Text-conditioned diffusion models have advanced image and video super-resolution by using prompts as semantic priors, and modern super-resolution pipelines typically rely on latent tiling to scale to high resolutions. In practice, a single global caption is used with the latent tiling, often causing prompt misguidance. Specifically, a coarse global prompt often misses localized details (errors of omission) and provides locally irrelevant guidance (errors of commission) which leads to substandard results at the tile level. To solve this, we propose Tiled Prompts, a unified framework for image and video super-resolution that generates a tile-specific prompt for each latent tile and performs super-resolution under locally text-conditioned posteriors to resolve prompt misguidance with minimal overhead. Our experiments on high resolution real-world images and videos show that tiled prompts bring consistent gains in perceptual quality and fidelity, while reducing hallucinations and tile-level artifacts that can be found in global-prompt baselines.

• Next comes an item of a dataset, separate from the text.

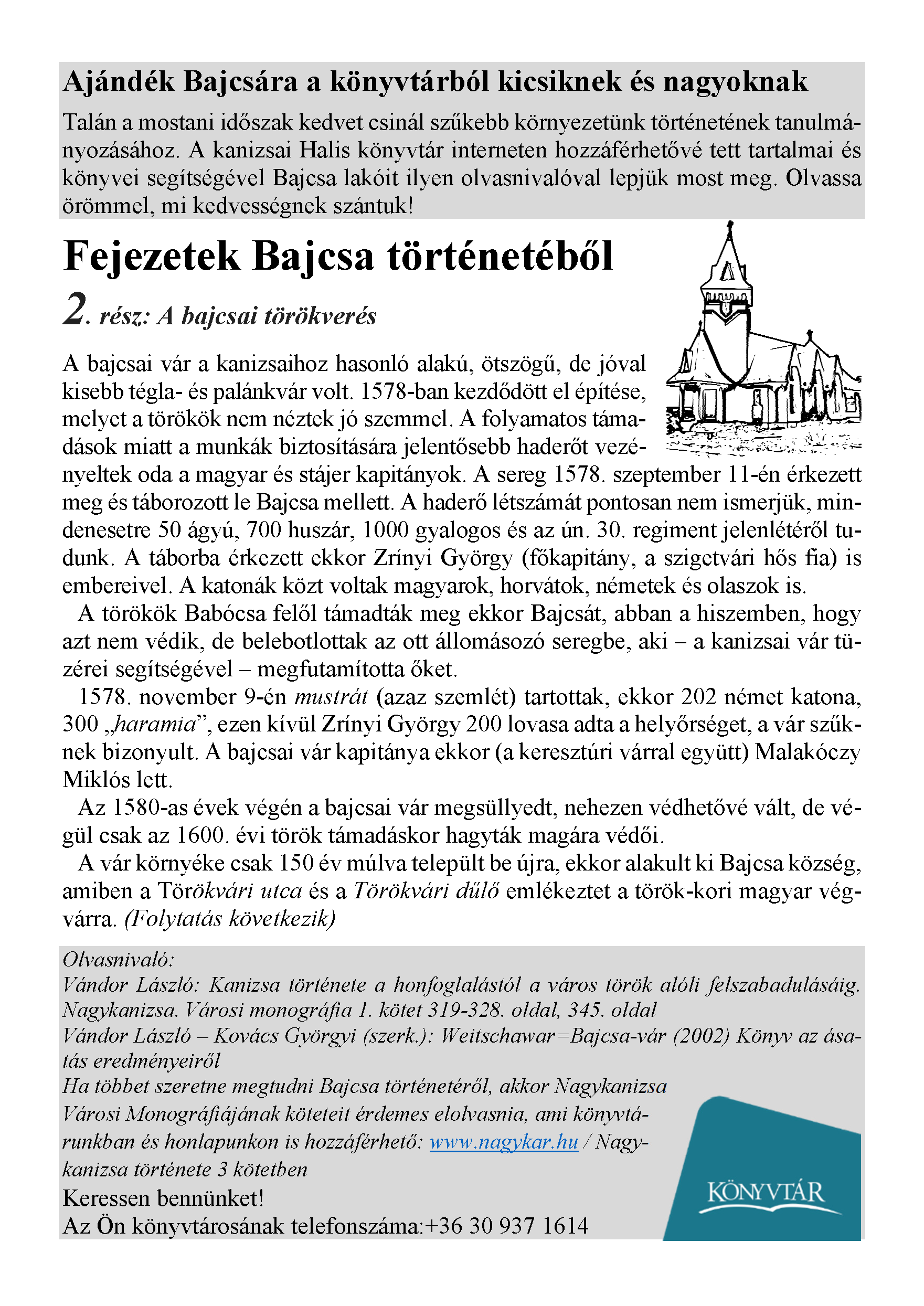 Nyilvános 1951 | 3279 | Rövid leírás | Teljes leírás (2.72 KB) | Megjelent: 2021. április 9. Ajándék Bajcsára a könyvtárból kicsiknek és nagyoknak Talán a mostani időszak kedvet csinál szűkebb környezetünk történetének tanulmányozásához. A kanizsai Halis könyvtár interneten hozzáférhetővé tett tartalmai és könyvei segítségével Bajcsa lakóit ilyen olvasnivalóval lepjük most meg. Olvassa örömmel, mi kedvességnek szántuk! Fejezetek Bajcsa történetéből 2. rész: A bajcsai törökverés A bajcsai vár a kanizsaihoz hasonló alakú, ötszögű, de jóval kisebb tégla- és palánkvár volt. 1578-ban kezdődött el építése, melyet a törökök nem néztek jó szemmel. A folyamatos támadások miatt a munkák biztosítására jelentősebb haderőt vezényeltek oda a magyar és stájer kapitányok. A sereg 1578. szeptember 11-én érkezett meg és táborozott le Bajcsa mellett. A haderő létszámát pontosan nem ismerjük, mindenesetre 50 ágyú, 700 huszár, 1000 gyalogos és az ún. 30. regiment jelenlétéről tudunk. A táborba érkezett ekkor Zrínyi György (főkapitány, a szigetvári hős fia) is embereivel. A katonák közt voltak magyarok, horvátok, németek és olaszok is. A törökök Babócsa felől támadták meg ekkor Bajcsát, abban a hiszemben, hogy azt nem védik, de belebotlottak az ott állomásozó seregbe, aki – a kanizsai vár tüzérei segítségével – megfutamította őket. 1578. november 9-én mustrát (azaz szemlét) tartottak, ekkor 202 német katona, 300 „haramia”, ezen kívül Zrínyi György 200 lovasa adta a helyőrséget, a vár szűknek bizonyult. A bajcsai vár kapitánya ekkor (a keresztúri várral együtt) Malakóczy Miklós lett. Az 1580-as évek végén a bajcsai vár megsüllyedt, nehezen védhetővé vált, de végül csak az 1600. évi török támadáskor hagyták magára védői. A vár környéke csak 150 év múlva települt be újra, ekkor alakult ki Bajcsa község, amiben a Törökvári utca és a Törökvári dűlő emlékeztet a török-kori magyar végvárra. (Folytatás következik) Olvasnivaló: Vándor László: Kanizsa története a honfoglalástól a város török alóli felszabadulásáig. Nagykanizsa. Városi monográfia 1. kötet 319-328. oldal, 345. oldal Vándor László – Kovács Györgyi (szerk.): Weitschawar=Bajcsa-vár (2002) Könyv az ásatás eredményeiről Ha többet szeretne megtudni Bajcsa történetéről, akkor Nagykanizsa Városi Monográfiájának köteteit érdemes elolvasnia, ami könyvtá- runkban és honlapunkon is hozzáférhető: www.nagykar.hu / Nagy- kanizsa története 3 kötetben Keressen bennünket! |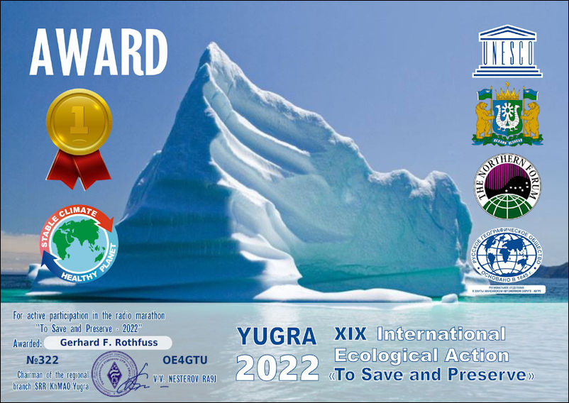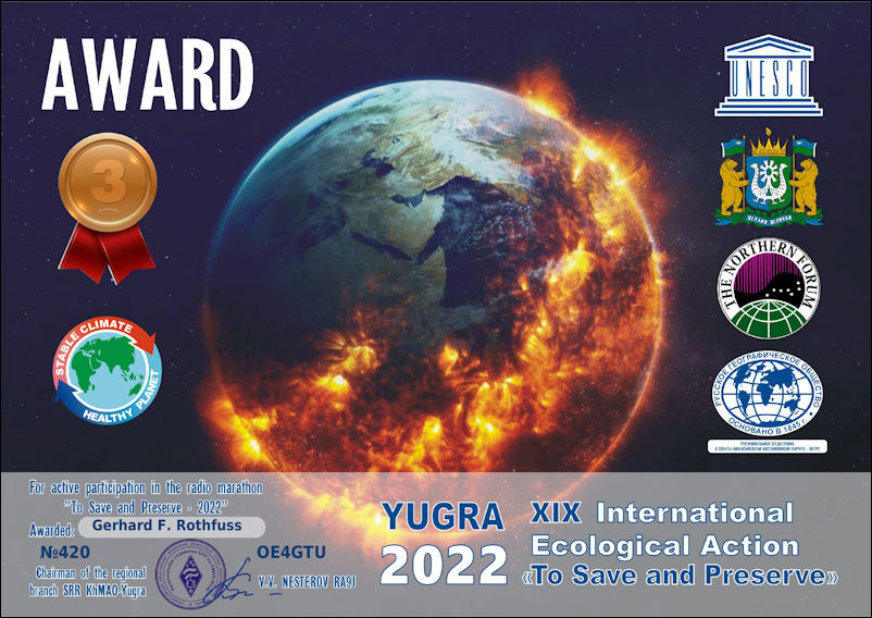 Um ein Diplom der 1.Stufe (Gold) zu erhalten müssen Sie 160 Punkte erreichen.Ein QSO mit der Sonderstation R19UGRA des Radiomarathons ist obligatorisch.

(a) Baseline Methods. Conditioning super-resolution models solely on a single global text prompt demonstrates the problem of prompt misguidance. The global prompt, while broadly describing the image, proves insufficient to constrain the fine-grained super-resolution process.
(b) Tiled Prompts (Ours). Our framework leverages dense, context-aware tiled prompts for each region. This localized textual guidance provides precise semantic anchors, enabling the super-resolution model to produce significantly sharper, more coherent, and perceptually richer details.
Our Tiled Prompts framework for VSR divides the low-resolution video into a grid of spatio-temporal blocks (or volumes), where each block is tiled both spatially and temporally.
A VLM then analyzes the local video content and generates a detailed text prompt to guide the reconstruction of the specific block.